PKI Settings

Using this dialog box, you can configure this path to use appropriate PKI settings for your situation.

Verify Host Name against Host Certificate Name

Select this option if you want InfoConnect to verify that the name in the certificate you received matches the host name specified for the path in the TCP/UDP Path Options dialog box.

NOTE: This setting is required for DOD PKI users.

Certificate Revocation

Select at least one of the following options to enable certificate revocation checking. If you select both options, the program performs the OCSP check first, and then the CRL check.

  • Use CRL

    A Certificate Revocation List (CRL) to ensure that certificates being used have not been revoked by the certification authority.When enabled, InfoConnect checks for CRLs in any location specified in the CRL Distribution Point (CDP) field of the certificate, and the Reflection Certificate Manager provides you with the option to configure an LDAP server from which you can retrieve intermediate certificates for CRLs.

  • Use OCSP

    An OCSP (Online Certificate Status Protocol) responder to confirm whether a certificate is valid.When enabled, an OCSP responder reacts to certificate status requests with one of three digitally signed responses: Valid, Invalid, and Unknown. Using OCSP removes the need for servers and/or clients to retrieve and sort through large CRLs.

NOTE:DOD PKI users must select at least one of these options.

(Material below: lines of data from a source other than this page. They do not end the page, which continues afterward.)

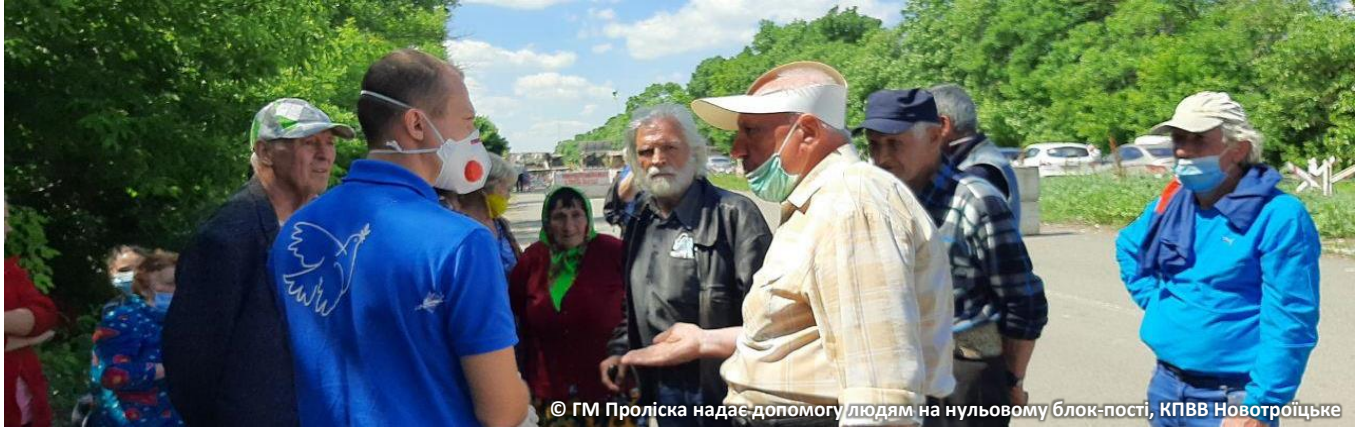
© ГМ Проліска надає допомогу людям на нульовому блок-пості, КПВВ Новотроїцьке

ДО КЛАСТЕРУ З ПИТАНЬ ЗАХИСТУ ВХОДЯТЬ САБКЛАСТЕРИ З ПИТАНЬ ЗАХИСТУ ДІТЕЙ, ҐЕНДЕРНО-ЗУМОВЛЕНОГО НАСИЛЬСТВА ТА ПРОТИМІННОЇ ДІЯЛЬНОСТІ
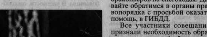
Сохраним такую красоту!
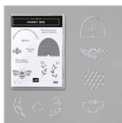
Honey Bee Bundle - 153792
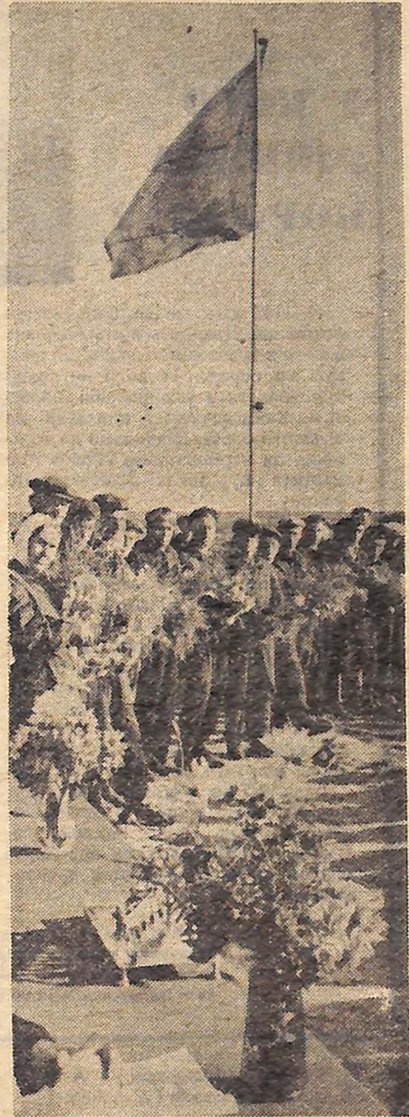
Прапор піднято. Зараз пролунає сигнал — і трактористи з усіх районів області сядуть за важелі. Репортаж про змагання на кращого орача області читайте на другій сторінці.
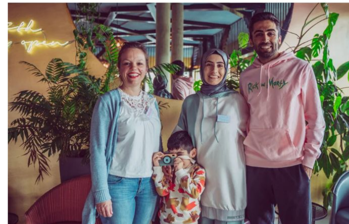
Buddy to Buddy komt naar Enschede. (Foto: Mirte Martinus) Foto:

Corine Engelbarts 07-02-24, 17:00 Laatste update: 08-02-24, 10:54

Reflection Certificate Manager

Click this button to invoke the Reflection Certificate Manager. The Reflection Certificate Manager allows you to manage the digital certificates in the Reflection certificate store and to configure other aspects of InfoConnect PKI support. If you enable either form of certificate revocation checking, you must use the Reflection Certificate Manager to configure the appropriate server.

NOTE:DOD PKI users must also use the Reflection Certificate Manager to disable the use of the Windows Certificate Store.